(ENTRIES PROVIDED Opens)

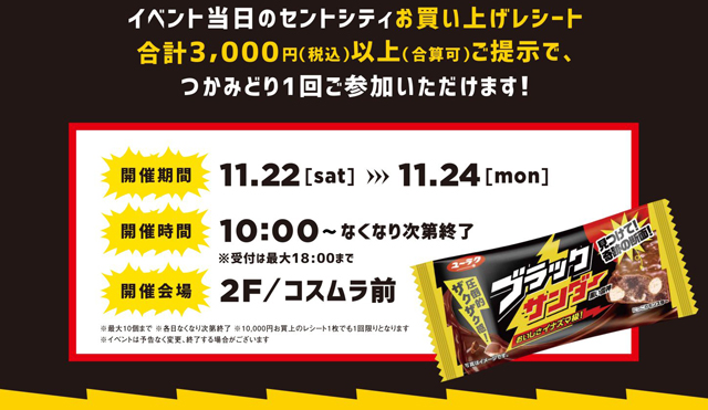 2025年11月22日(土)~11月24日(月)の3日間限定、セントシティ(北九州市小倉北区京町3-1-1) 2F コスムラ前にて「ブラックサンダーつかみ取り」が開催されます。
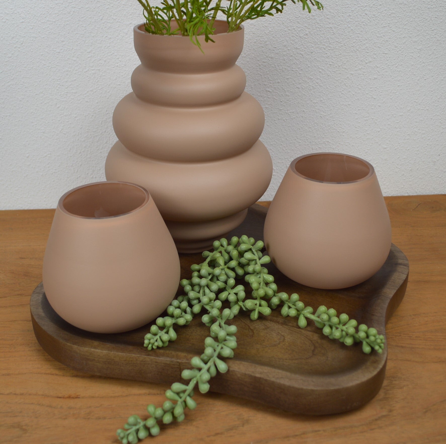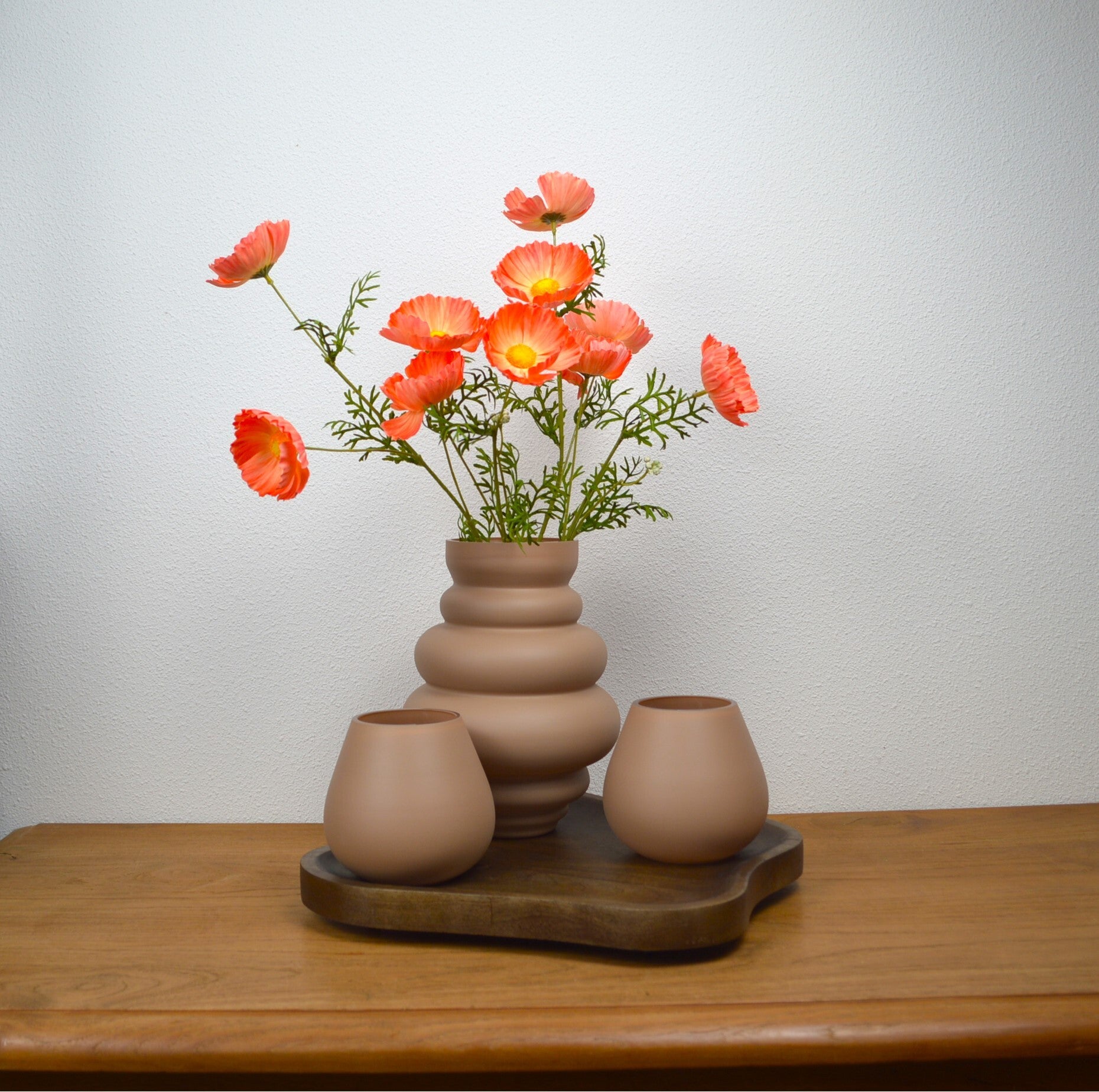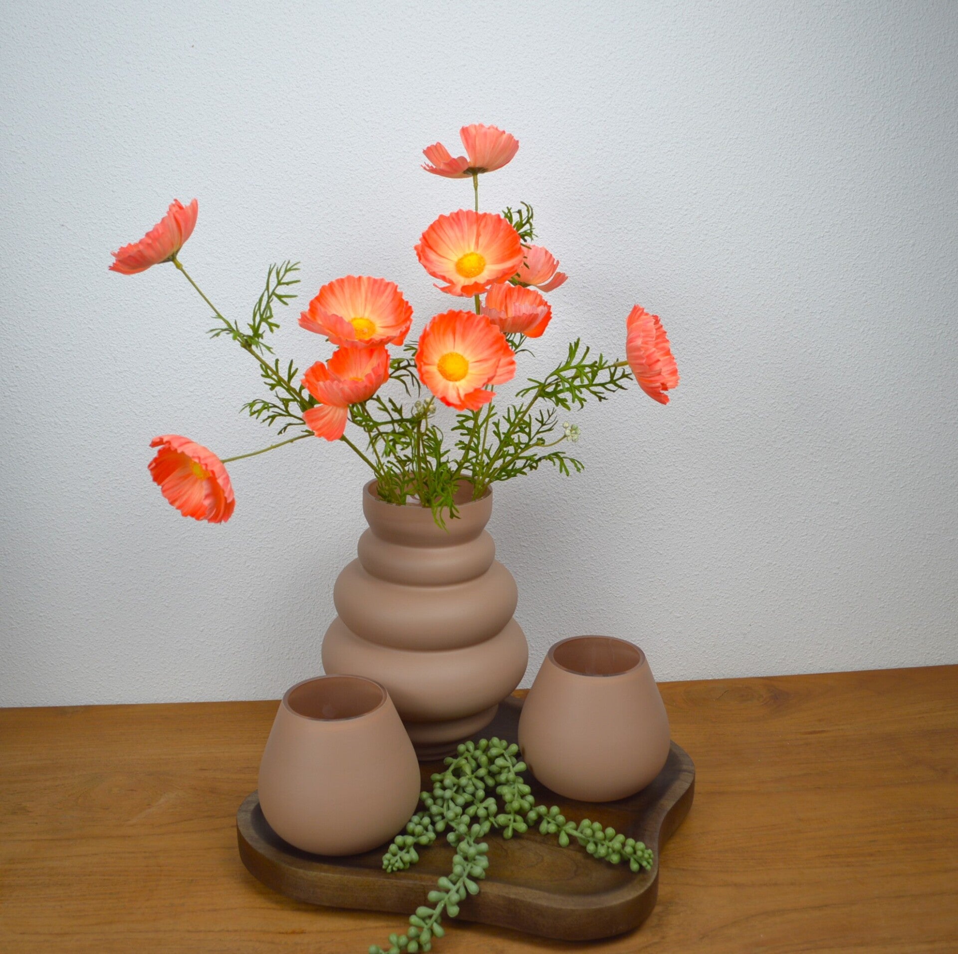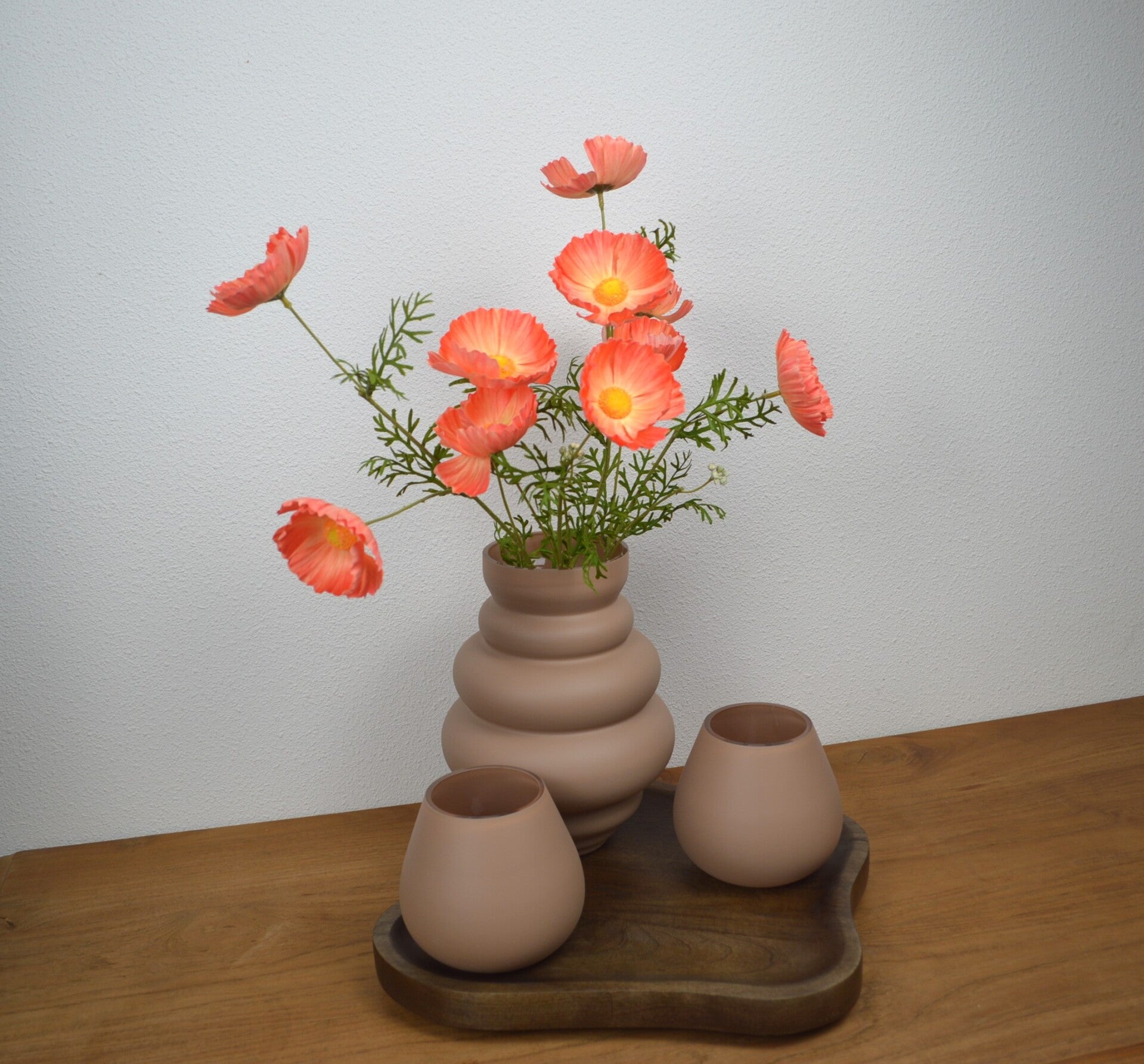 Breng verfijning en rust in uw interieur met deze exclusieve decoratieset in een elegante matte zandkleur. De set bestaat uit een designvaas van Vase The World en twee perfect bijpassende kaarsenhouders, zorgvuldig afgestemd voor een harmonieus geheel.
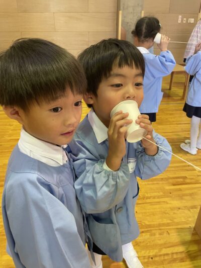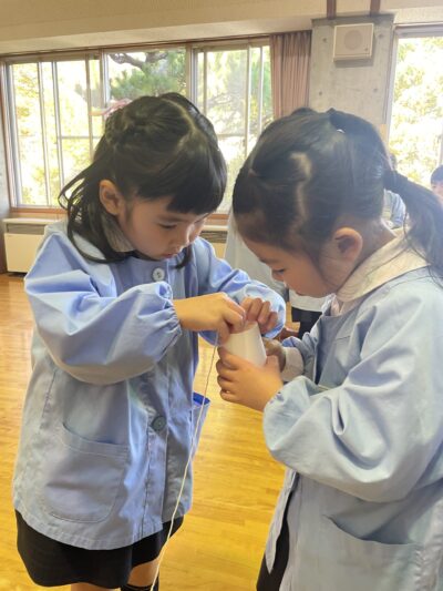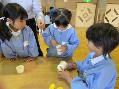 作り方を教えてもらいながら、紙コップと凧糸を使って電話を作る子どもたち。
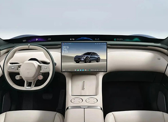 内饰部分,小米YU7采用环抱式座舱布局,整体风格与小米SU7接近,采用悬浮式中控屏和小米天际屏全景显示系统,其由三块Mini LED屏幕组成,通过全景曲面投影技术,反射在前风挡下侧区域。在转向时,盲区的影像可以在小米天际屏优先显示。全新三辐式方向盘,上下均为平底式造型,并在上方设计有回正标识,下侧提供驾驶模式选择等功能。新车采用怀挡式换挡机构,悬浮式中控屏左上角显示有挡位和续航里程等信息。
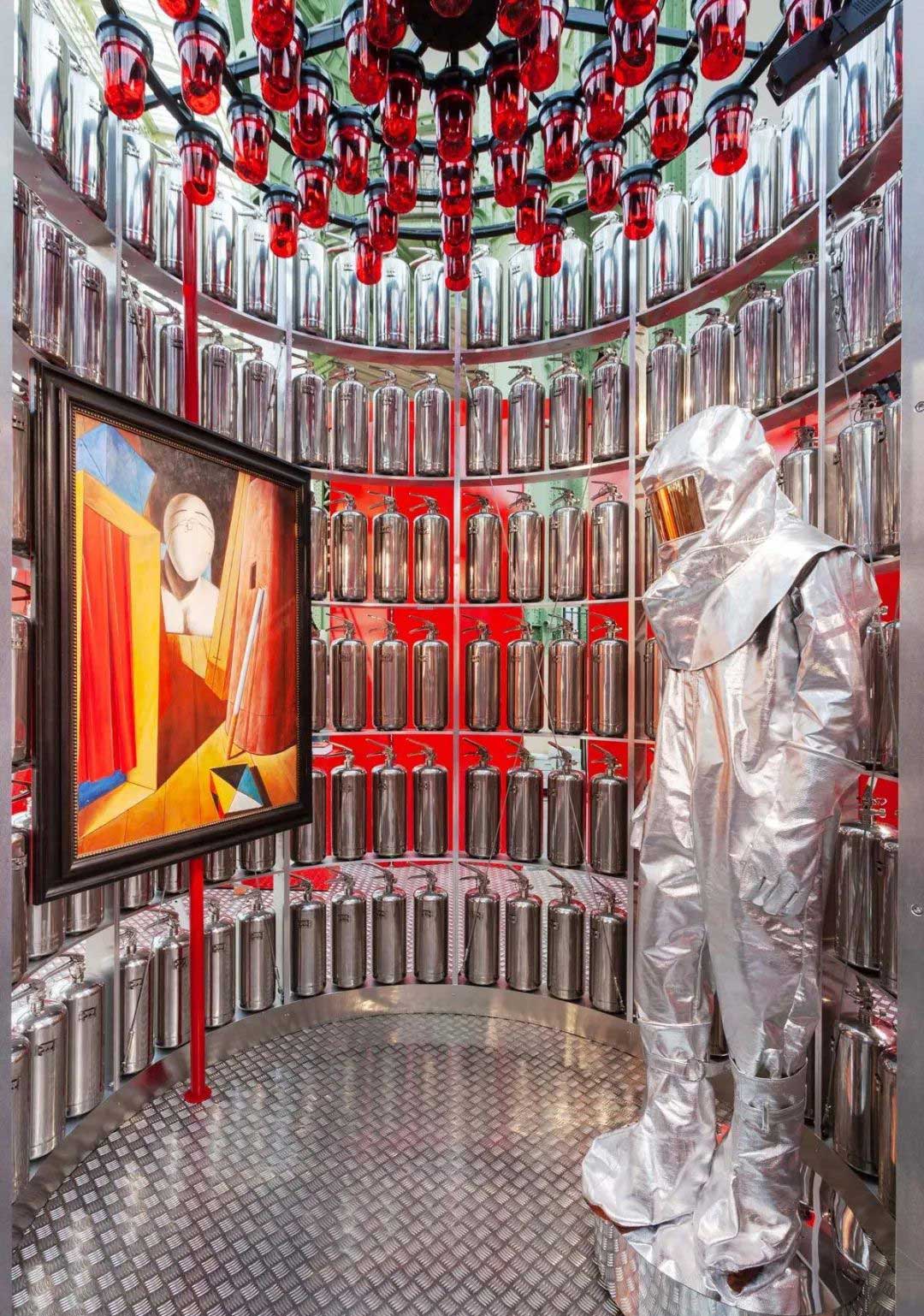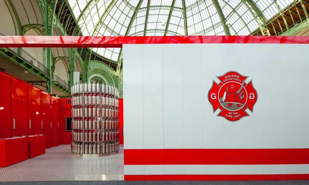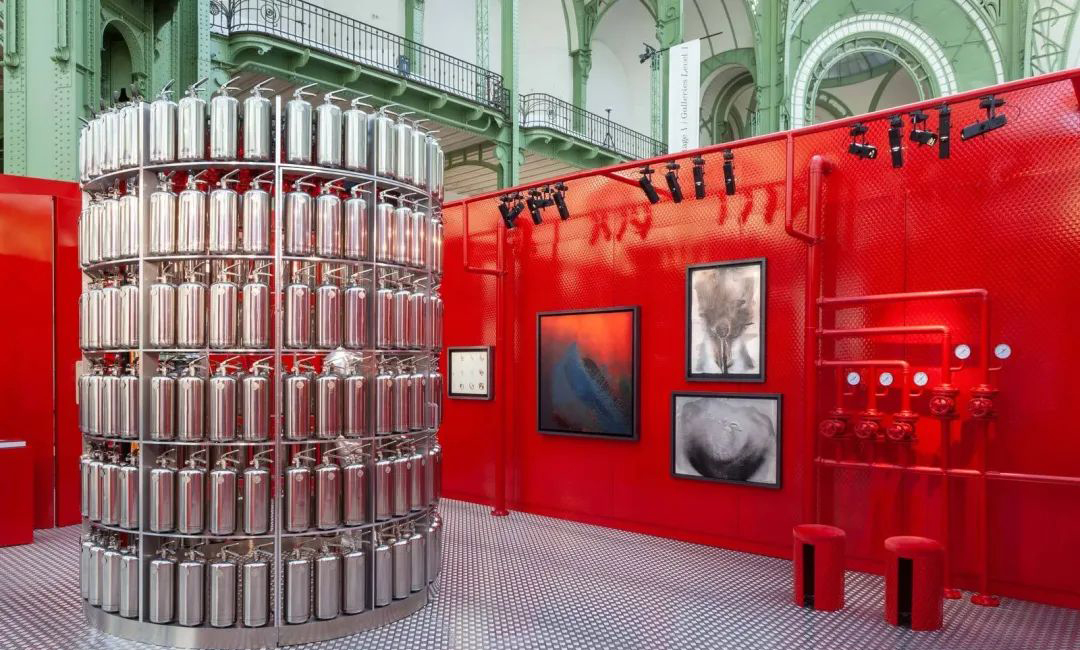 在法国艺术博览会上,国际画廊GALERIE GMURZYNSKA打造的名为《着火》的主题展览火了。这次《着火》主题展览展出了整个20世界使用或描绘各种形式以“火“为题材的艺术作品,为现场的观众们带来全新视觉体验,满满圆弧形的灭火器装置更是此次主题展览的形象代言人,火焰红色调的装饰也清晰明了地阐明了展览的主题。
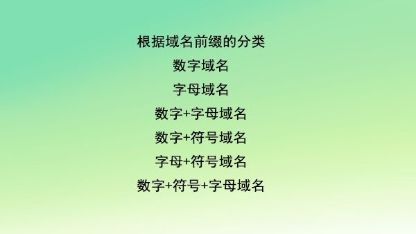 現(xiàn)在我們常見(jiàn)的就是英文域名,英文域名:English.com;中文域名:中介.com 、中介.中國(guó)、zhongjie.中國(guó);其它語(yǔ)言域名同上。
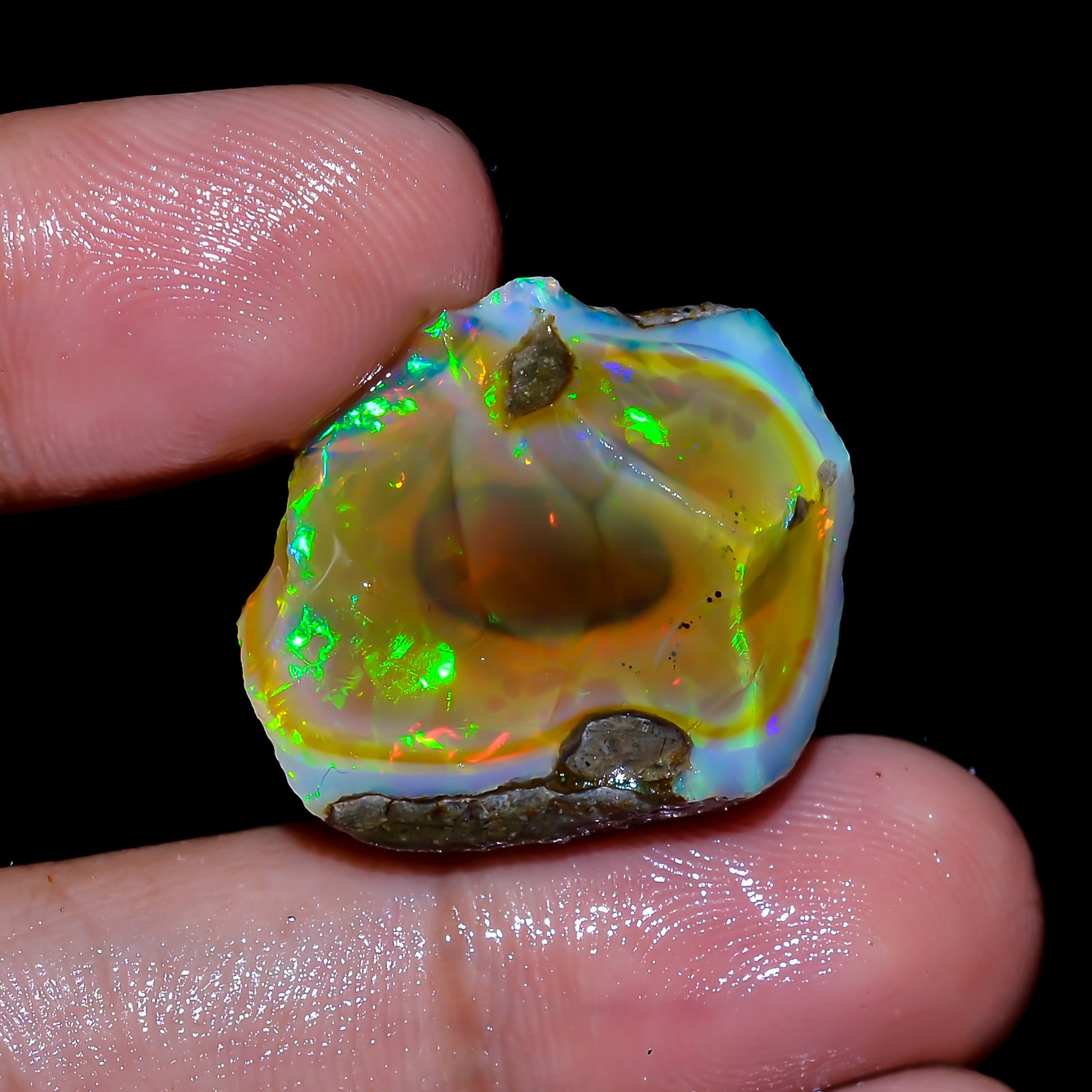 We are thrilled to present this magnificent Large 29.5 Carat Multi-Fire Natural Ethiopian Welo Opal ROUGH SPECIMEN for direct purchase! Sourced directly from the famous Welo mines of Ethiopia, this substantial piece is a captivating natural wonder, perfectly suited for the discerning collector, mineral enthusiast, or as a stunning display piece

(ENTRIES PROVIDED Closes)

BRIEF -> Only the lines from the start of the records through the line containing "Breng verfijning en" should be repeated, word for word, with the pictures left out.

SOLUTION FOR THIS TASK ->
 2025年11月22日(土)~11月24日(月)の3日間限定、セントシティ(北九州市小倉北区京町3-1-1) 2F コスムラ前にて「ブラックサンダーつかみ取り」が開催されます。
 Breng verfijning en rust in uw interieur met deze exclusieve decoratieset in een elegante matte zandkleur. De set bestaat uit een designvaas van Vase The World en twee perfect bijpassende kaarsenhouders, zorgvuldig afgestemd voor een harmonieus geheel.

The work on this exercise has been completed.